Another woman, frustrated with the lack of nonprofit opioid rehabilitation centers in Seattle, offered a plea for help and stressed the importance of a grassroots movement to provide care for people struggling with addiction.

Cantwell told participants that she believes in universal health coverage, and said she could support whatever approach gets us there the quickest.

Of course, with Republicans in total control of the federal government, progress is going to have to happen at the state level. Cantwell explained the Patient Protection Act does contain a clause allowing states to pursue setting up a single-payer system, but that would go away if Republicans succeeded in gutting the PPA.
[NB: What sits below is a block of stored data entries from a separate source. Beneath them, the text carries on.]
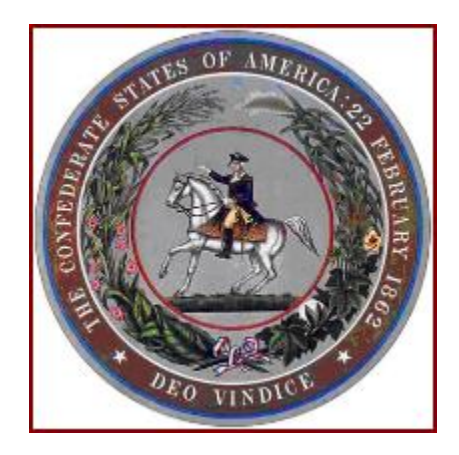
Great Seal of the CSA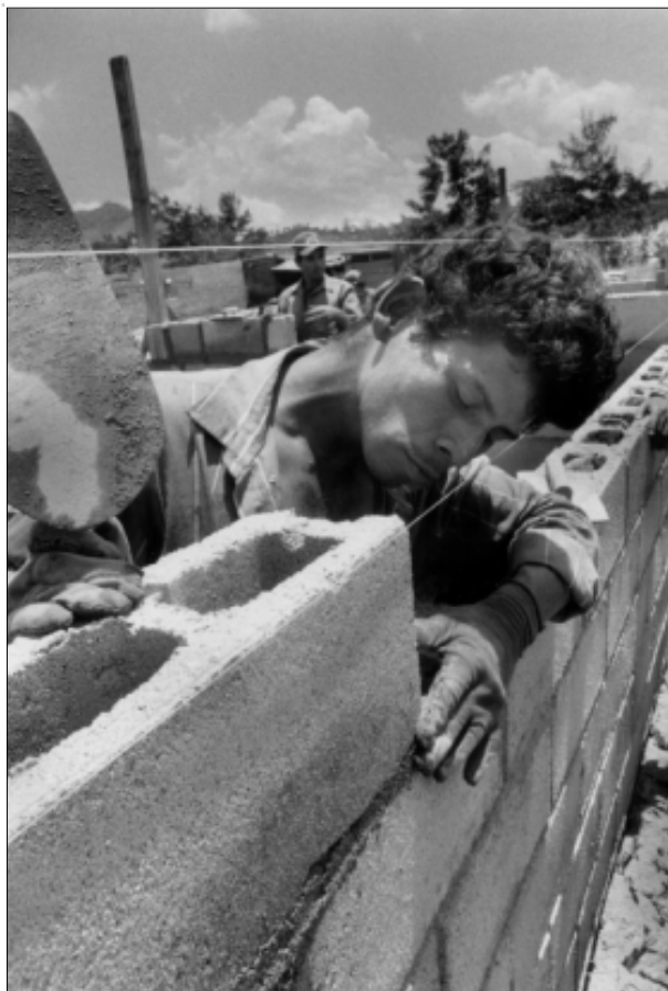
Self-help and Food for Work in San Juan, Nicaragua

With regard to the FFW programmes, it seems that a significant number had a positive impact in the short term in that they allowed peasants to stay on their land. However, in order to have access to a FFW 'habitat' programme, it was necessary to be registered with an NGO rehousing project. The incentive of an FFW programme meant that people were attracted to these kinds of reconstruction schemes, while people who wanted to rebuild their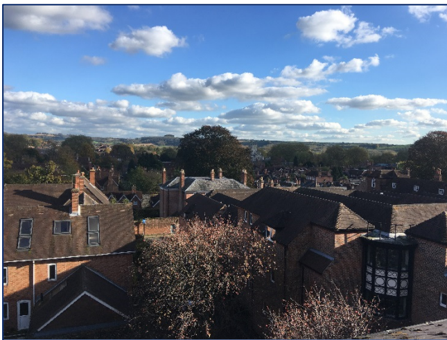
View from the office window

There is the potential for car parking on a short term basis by way of separate negotiation.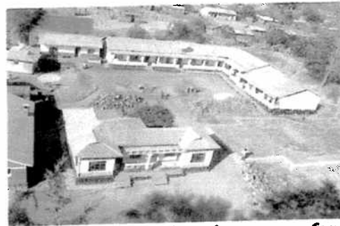
From behind are five classrooms for St. Monica's Primary school and in the Front is an administration office.

Your generosity to the poor and helpless children in Matamba, helped me a lot to build St. Monica's Nursery and Primary school as it can be observed from the above pictures. Your donation has made possible to construct five classrooms, administration office and girls dormitory which is in progress.

Joined onstage by Dean Ramsey, CEO of UW Medicine, who read out numbers given to people who had signed up to ask questions, Cantwell repeatedly interspersed her commentary on the Republican plot to do away with the Patient Protection Act with praise of our state for its cutting-edge primary care system.

The rest of the country ought to follow our example, Cantwell said. She lauded Washington as a pioneer for excellent, publicly funded healthcare — once stopping to (as she put it), “geek out” with maps and graphs.

Though many constituents were plainly worried about what might happen in the U.S. Senate in the weeks to comes, a spirit of resistance pervaded the gathering. Cantwell encouraged attendees to continue the fight to save the PPA.

Cantwell will hold two more town halls this week. One will take place tomorrow (Friday July 7th) and the other will be on Saturday (July 8th). The Friday town hall will be focused on net neutrality and the Saturday town hall will be a wide-ranging discussion with no specific focus. Both are open to the public but require tickets.